One in ten individuals with severe mental illness who want to and can work is doing so. This statistic stems from barriers to employment including the misconception that individuals with psychiatric disabilities are unable to maintain jobs and the fear individuals have of losing Social Security benefits and Medicaid. In July of 2003 the National Governors Association (NGA) released a paper urging "states to design policies and programs that encourage greater employment of people with mental illness" (Manisses Communication Group, Inc., 2003). This short article outlines the key concepts covered in the NGA paper and includes an interview with Jenn O'Connor, the paper's author.

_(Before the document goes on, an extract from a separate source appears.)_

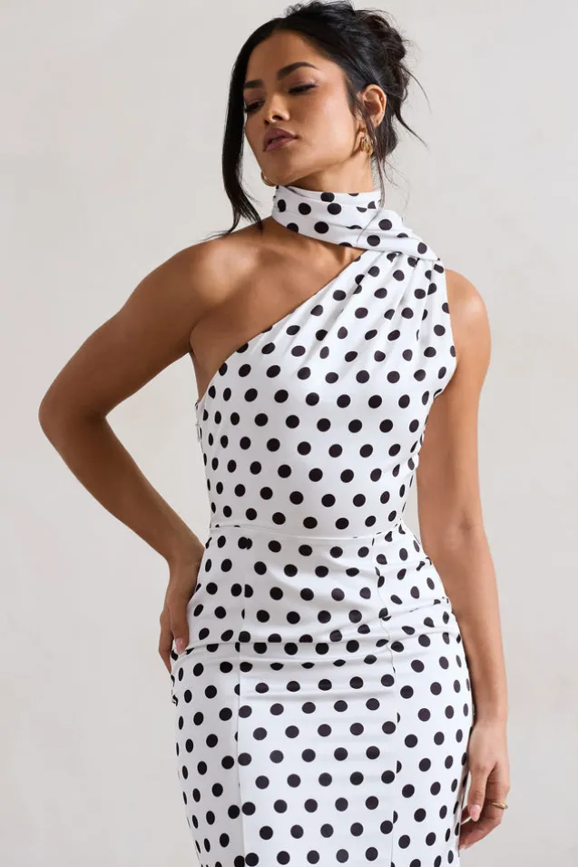 Our newest midi Golden Girl is the perfect pick for any special event. Its delicate draping and white polka dot satin makes it an elegant option for race days, weddings and everything in between. Golden Girl is finished with a soft peplum hem and open-back.Features – Premium stretch satin- Bodycon fit – Asymmetric halter neckline – One shoulder – Draped open back- Peplum hemline- Invisible zip closure- Swanhook closure- Midi length Sizing & Fit Model is 5’6″ and wears UK size 8/US size 4 Product Information Designed exclusively by Club L London Double layered with some stretch Premium heavy satin in White Polka Dot (100% Polyester) 120cm total length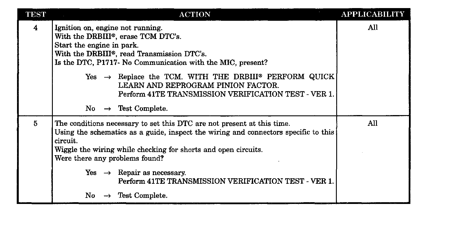 Set Condition: The code sets in approximately 25 seconds if no BUS messages are received form the MIC.

The paper maintains that if the correct supports are in place, including medical treatment and employment services, an individual with a severe psychiatric disability can hold a competitive job and in turn become more self-sufficient and contribute to society. O'Connor also points out that supported employment can "increase people's self-esteem, and reduce homelessness and incarceration". The NGA paper gives three strategies for states to consider in order to encourage more individuals with psychiatric disabilities to work. The first strategy involves providing customized assistance for at-risk groups, "including screening for depression and providing people with advisement, education, training and employment services" (Manisses Communication Group, Inc., 2003). The second strategy involves "expanding vocational rehabilitation and employment-related services." The last strategy the paper identifies is to "increase professional and non-professional or community supports". The paper studied eight state initiatives implementing a variety of strategies. The study concluded that individuals with psychiatric disabilities, when given the proper supports were able to better handle day-to-day life issues and maintain a competitive job for twice as long as those who did not receive support.

O'Connor acknowledges that the startup costs for such initiatives can be considerable. However, according to Harvey Rosenthal, Executive Director of the New York Association of Psychiatric Rehabilitation Services, "Not only is supported employment the right policy-it's good, smart policy from a fiscal point of view."

Reference:

Manisses Communication Group, Inc. (2003). NGA report urges states to develop supported employment programs. Mental Health Weekly 13:33, 1-3.